(Reuters) - Amedisys Inc’s (AMED.O) first-quarter profit fell as the home healthcare provider indicated that it would continue to struggle with offsetting the impact of changes in Medicare reimbursement rates.
“Home health experienced substantial Medicare reimbursement cuts in 2011 and 2012, and will continue to face reimbursement pressure in 2013 and beyond,” Chief Executive Bill Borne said on a conference call with analysts.
Shares in the company, which have fallen 55 percent in the last one year, were down 10 percent at $13.21 on Tuesday afternoon, after hitting a low of $13.20 earlier in the day.
The cuts to Medicare reimbursement for 2012 have weighed on the profits of most home healthcare providers, including Gentiva Health Inc GTIV.O and Almost Family (AFAM.O).
First-quarter revenue from home health, Amedisys’ biggest division, fell 6 percent to $301.4 million. Gross margins at the division fell 500 basis points to $42.9 percent.

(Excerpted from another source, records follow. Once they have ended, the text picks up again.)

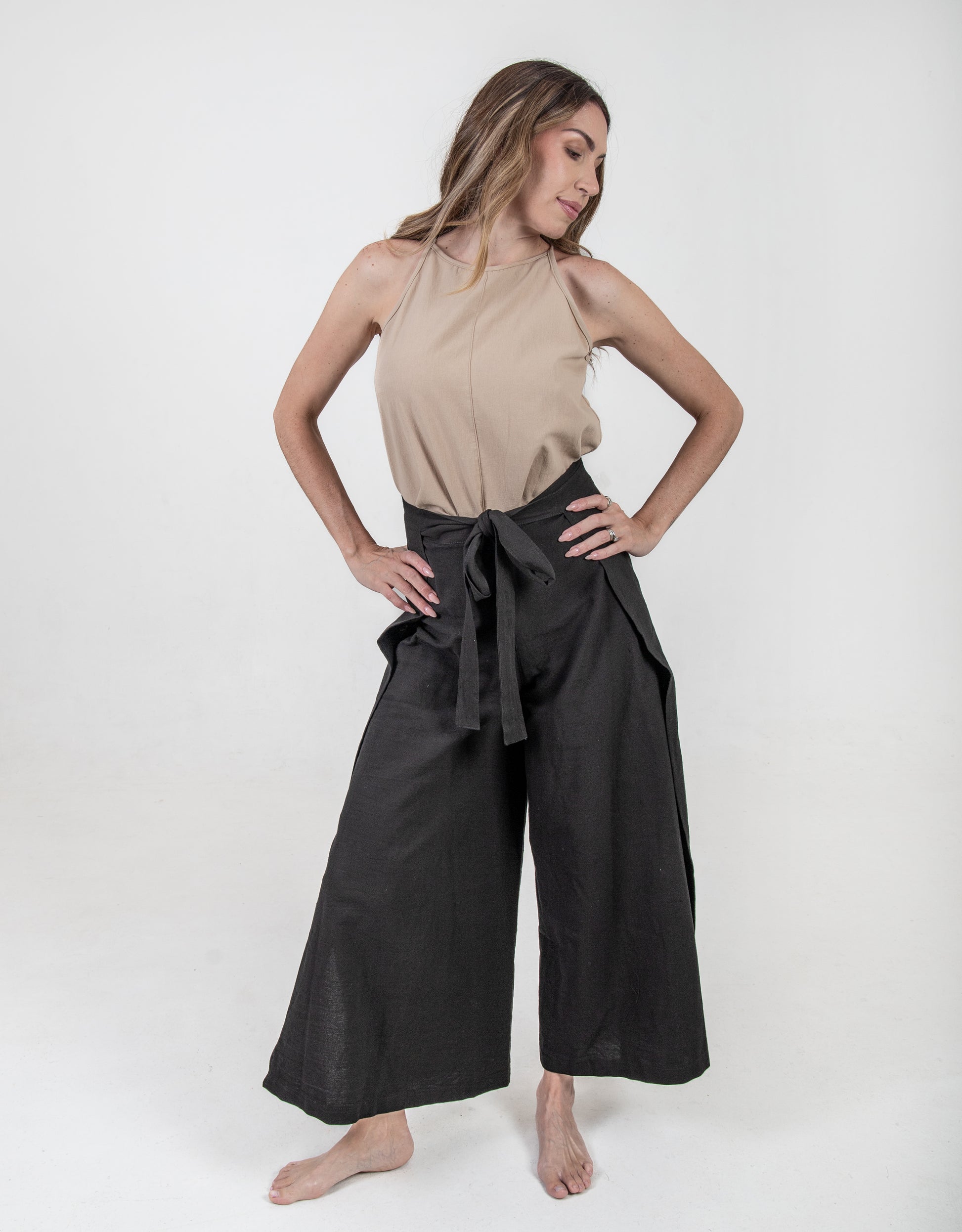 Este pantalón está elaborado en manta de algodón, una tela natural, suave y fresca que se adapta con fluidez a tu cuerpo. Su diseño cruzado tipo pareo con amarre lateral te permite ajustarlo a tu medida, brindando una silueta favorecedora sin apretar.
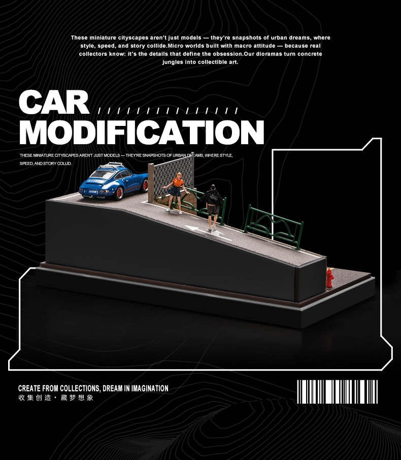 Tái hiện cảnh phố dốc sống động cho bộ sưu tập 1:64. Thiết kế garage mini + hộp mica chống bụi, phù hợp setup bàn làm việc hoặc tủ trưng bày.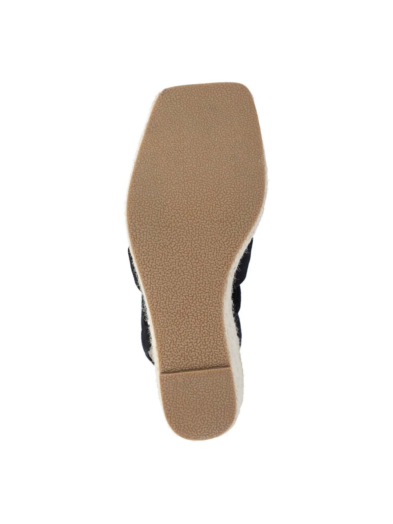 - Canvas upper in a espadrille wedge sandal with an open square toe

“A number of factors contributed to this gross margin decline in home health, including the reimbursement cut, a slight increase in cost per visit, and face-to-face write offs,” Chief Financial Officer Ron LaBorde said on the call.
The company, which has also been subjected to a series of federal probes regarding its billing practices over the last year, said it was left with 14 percent less in cash and cash equivalents at the end of the quarter.
First-quarter net income from continuing operations fell to $6.5 million, or 22 cents per share, from $16.9 million, or 59 cents per share, a year ago.
Net service revenue rose about 3 percent to $370.8 million.